Night Sky (app) is an application developed and published by indie studio iCandi Apps Ltd. from the UK. Night Sky is a stargazing reference app, where the user can explore a virtual representation of the night sky to identify stars, planets, constellations and satellites. The app is developed specifically for iOS, tvOS and watchOS devices. Night Sky was first released on November 1, 2011 for iOS, and has had multiple updates since launch. Night Sky was mentioned in the September 2016 Apple Keynote during the Apple Watch Series 2 announcement. In October 2016, Night Sky was featured as the Free App of The Week on the Apple App Store. == Reception == Night Sky was featured in Apple's 'Best of 2012' and has also been pre-installed onto iPads in Apple retail stores worldwide.

Is an AI Text-to-video Tool Worth It in 2026?

In search of the best AI text-to-video tool?
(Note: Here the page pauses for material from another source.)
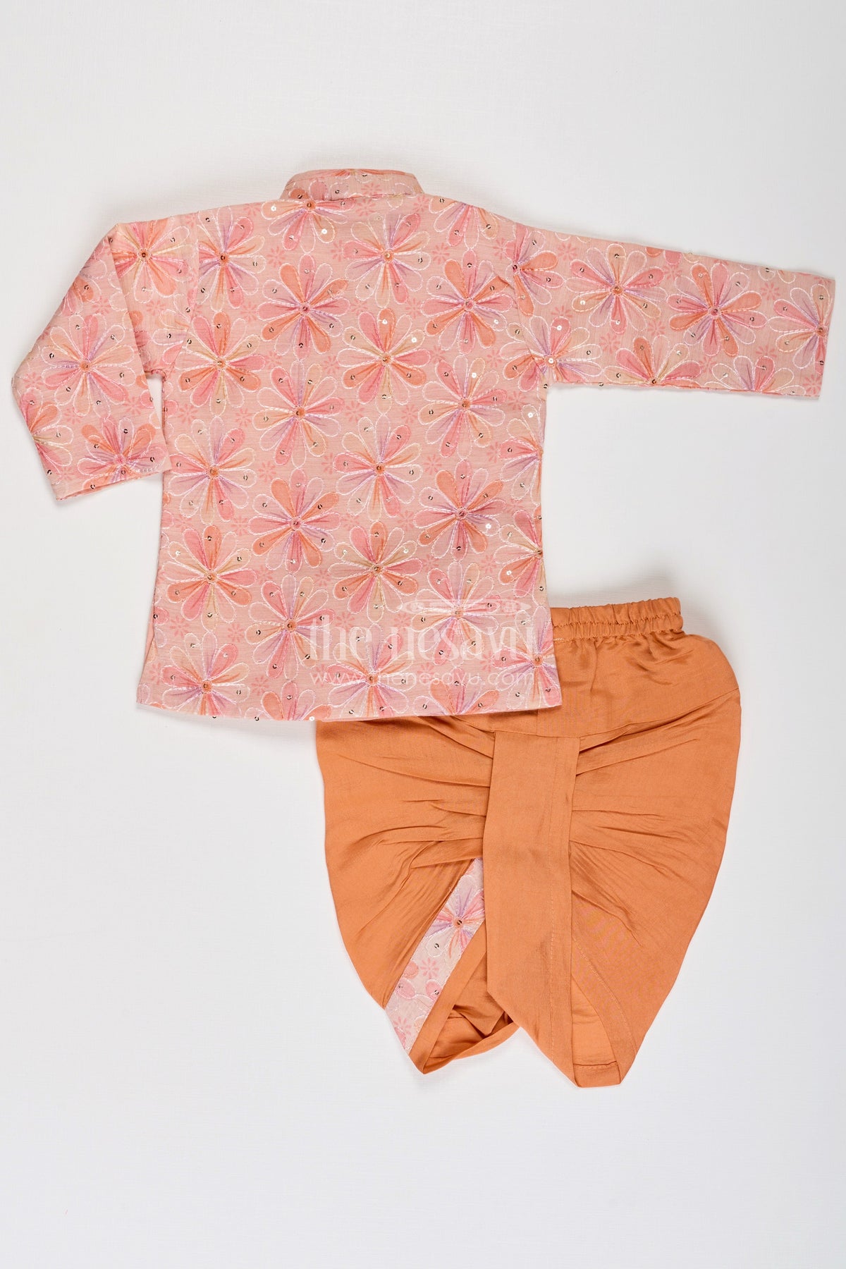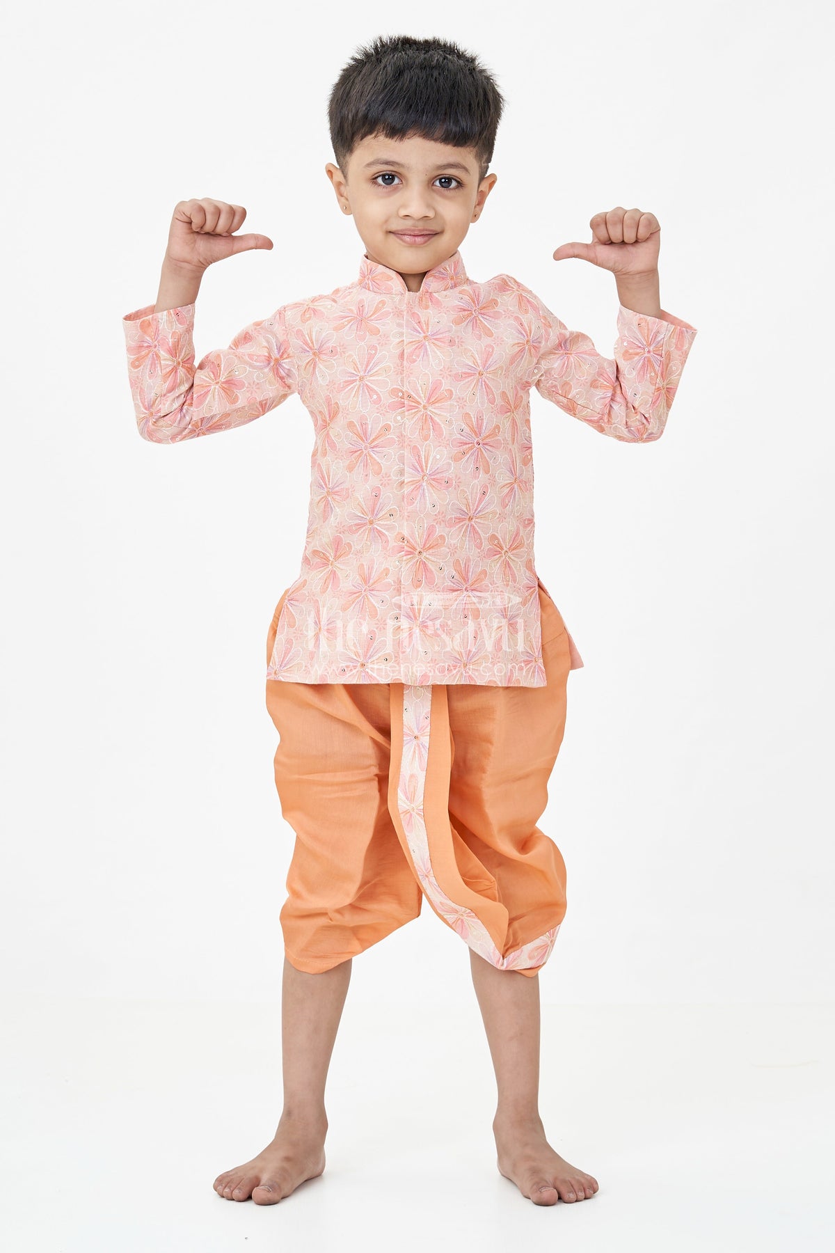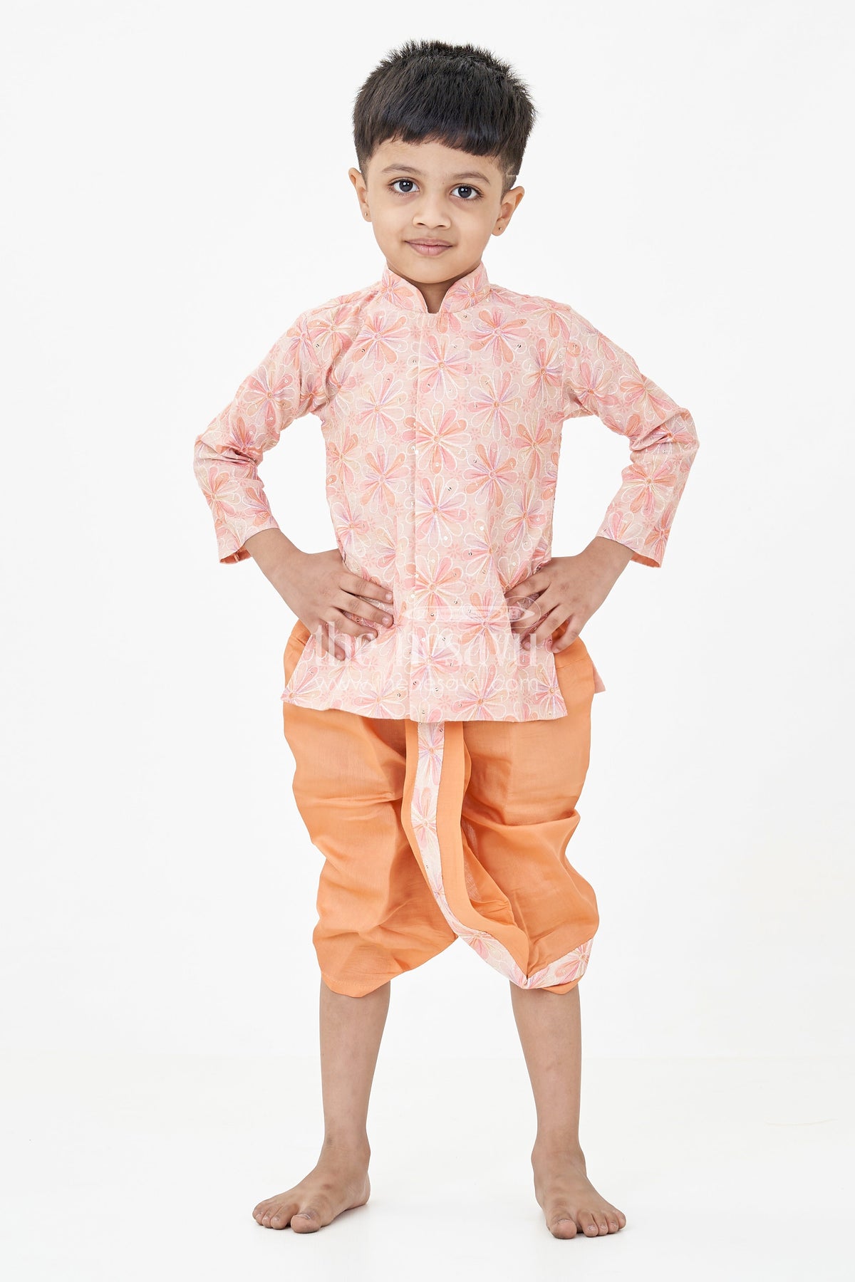 Celebrate traditions in style with this best dhoti kurta design for boys, perfect for festive occasions and family events. The kurta features a stunning floral thread embroidery in shades of peach, pink, and white, made from a soft and breathable cotton blend fabric. The mandarin collar and full sleeves give it a smart and neat finish. Paired with a rich rust-orange dhoti featuring a matching embroidered strip in front, this set ensures both elegance and comfort for your child. Easy to wear and lightweight, it offers freedom of movement while making a bold traditional statement. This outfit is an ideal choice for temple visits, weddings, and cultural events where your little boy can shine in style.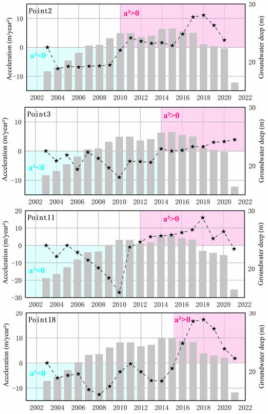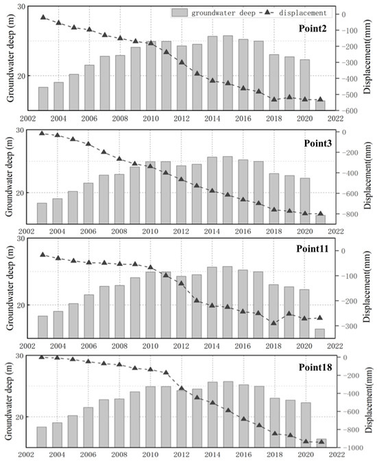 From the four characteristic points, it can be observed that between 2003 and 2010, the land slowly subsided. During this period, the groundwater level progressively decreased, showing a good consistency between subsidence and variations in groundwater depth.

An AI text-to-video tool is software that uses machine learning to help you get more done — it turns a rough idea into a polished result in seconds. When choosing one, weigh output quality, pricing, export formats, and how well it fits the tools you already use. Whether you are a beginner or a pro, the right AI text-to-video tool slots into your workflow and pays for itself fast. Below we compare features, pricing, and real output so you can choose with confidence.